PROVIDED DATA:
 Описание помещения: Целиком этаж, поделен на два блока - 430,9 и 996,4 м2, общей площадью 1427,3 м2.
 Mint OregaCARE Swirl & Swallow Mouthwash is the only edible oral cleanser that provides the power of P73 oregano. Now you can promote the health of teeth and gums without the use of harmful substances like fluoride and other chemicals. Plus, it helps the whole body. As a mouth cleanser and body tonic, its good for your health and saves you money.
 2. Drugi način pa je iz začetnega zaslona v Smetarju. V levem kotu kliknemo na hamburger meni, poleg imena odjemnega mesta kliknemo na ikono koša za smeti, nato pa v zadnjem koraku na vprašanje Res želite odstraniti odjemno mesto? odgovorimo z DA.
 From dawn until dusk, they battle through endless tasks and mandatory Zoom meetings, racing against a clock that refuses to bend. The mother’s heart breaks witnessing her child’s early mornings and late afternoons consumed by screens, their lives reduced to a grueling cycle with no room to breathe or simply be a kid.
* * *
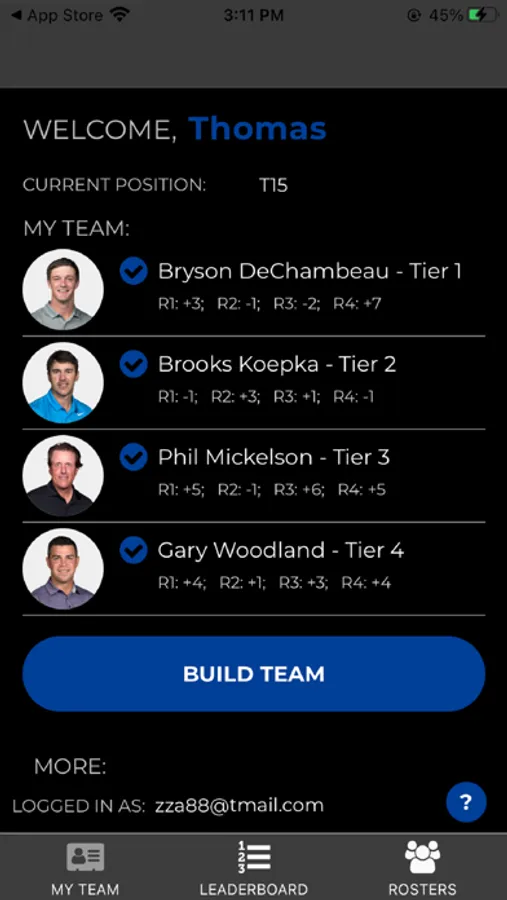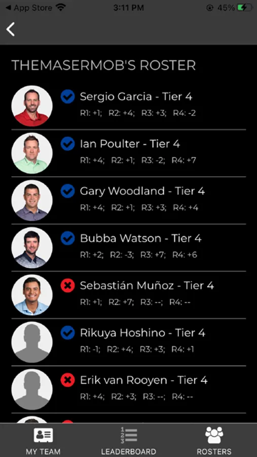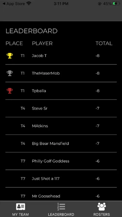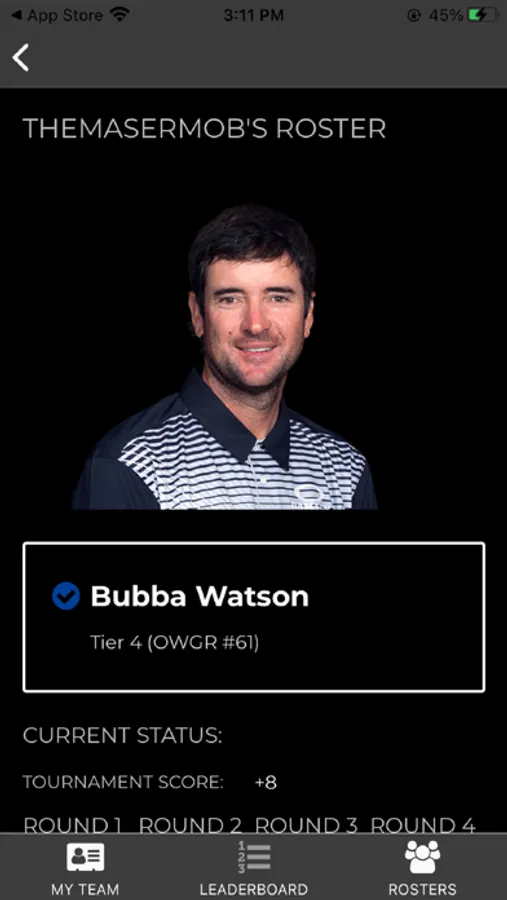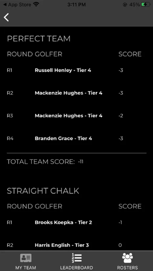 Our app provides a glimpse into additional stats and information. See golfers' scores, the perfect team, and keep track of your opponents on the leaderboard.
---
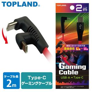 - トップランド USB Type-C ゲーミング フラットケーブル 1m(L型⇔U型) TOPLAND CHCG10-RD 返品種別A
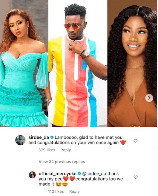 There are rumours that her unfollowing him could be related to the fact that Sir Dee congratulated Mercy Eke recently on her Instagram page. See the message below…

ACTIVITY: Retype only this portion of the data above: the line containing "Описание помещения: Целиком", the line containing "Mint OregaCARE Swirl", and all lines between them, exactly.

RESULT OF THIS TASK:
 Описание помещения: Целиком этаж, поделен на два блока - 430,9 и 996,4 м2, общей площадью 1427,3 м2.
 Mint OregaCARE Swirl & Swallow Mouthwash is the only edible oral cleanser that provides the power of P73 oregano. Now you can promote the health of teeth and gums without the use of harmful substances like fluoride and other chemicals. Plus, it helps the whole body. As a mouth cleanser and body tonic, its good for your health and saves you money.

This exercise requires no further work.